Basically, there's a job vacancy due to some horrendous vegan riots that have been taking place in downtown New York. I expect you posters in New York haven't heard much about them what all your recent troubles. But basically those vegans are getting pretty out of hand, and they were asking the vendor if he had any soy-based hotdog snacks, and he said he didn't, and they said like fuck you man, you're against everything we believe in, and he said he was sorry they felt that way, but it was their choice and he respected that, and they said fuck you again and then deep fried and ate him.
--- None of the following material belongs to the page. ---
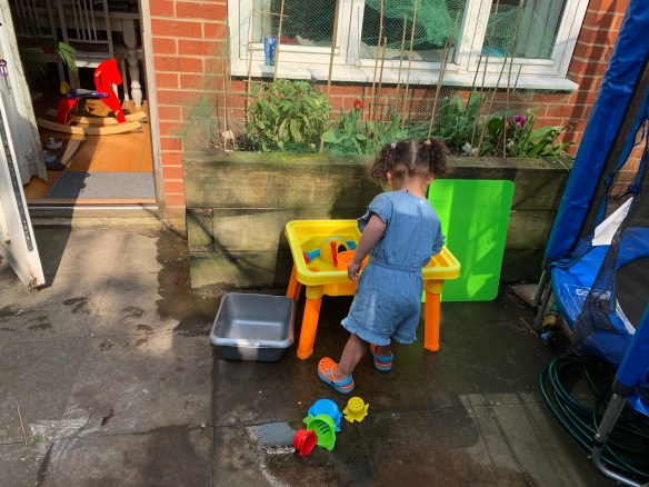 The afternoon was slow and tiring. We did some painting and some more water playing. Drew some chalk pictures on the ground in the garden and played with the doll’s house. Tried to watch Paddington and realised I’m so tired I couldn’t really follow the plot, which is just so sad and depressing.

Apparently they said it was their right, but everyone's saying they had just gone crazy due to lack of fresh meat. Apparently they all got taken in to custody and have all admitted they were wrong to try to live a vegan lifestyle, because only jungle people who talk to animals do that.
But hey! They needed someone to take over, and I'm the only one qualified enough, seeing as I had to deal with the incredible meat shortage of '89. They just want someone who can deal with any situation, in case something else arises. So the big manager of the hot dog vending company (we're not independant, we're all owned by him the world over) says I'm going to New York!
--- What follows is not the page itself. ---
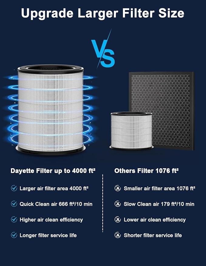 - 【SMART HOME SMARTER LIFE】 APP and Voice Control, works with Google Assistant and Alexa, enjoying hands-free experience. Dayette AP404 air purifier is 2.4GHz Wi-Fi enabled with Mobile Smart home life APP. Monitor your indoor air quality in real-time, control from your device, including turning off/on, changing modes or fan speed, creating a schedule, and using a timer (1-12H), show your filter usage and one step to order replacements filter.

I am totally excited about this, I know this is a difficult time for all you guys, but I'm really hoping we can have some fun! I hope I see Spider-Man.
Has anyone got any suggestions of things to do? I thought I might go that street named after Joey Ramone, and talk about how all modern music is rubbish. I could probably do with a place to stay as well, until everything gets sorted out. There'll be free hotdogs in it for anyone who can help. I'm afraid condiments will still cost you, though (we're still working on a deal with the supplier, you wouldn't believe how expensive they are! I have to get mine directly imported from France).
Also, I am totally looking to score with a HOTT chick. I've been working on a Hugh Grant-like voice, do you think that's gonna help my chances? It would probably be better if she was a slut, too, as I will totally be cheating on her at any chance I get. I'm just hoping I can make the English thing work for me. If that fails, I guess I'll just have to fall back on the hotdogs.
If I'm lucky, maybe I'll even see a real life gay! From a distance, obviously.
I'm looking foward to seeing you guys! Once everything is finalised, I'll let you know when my flight gets in!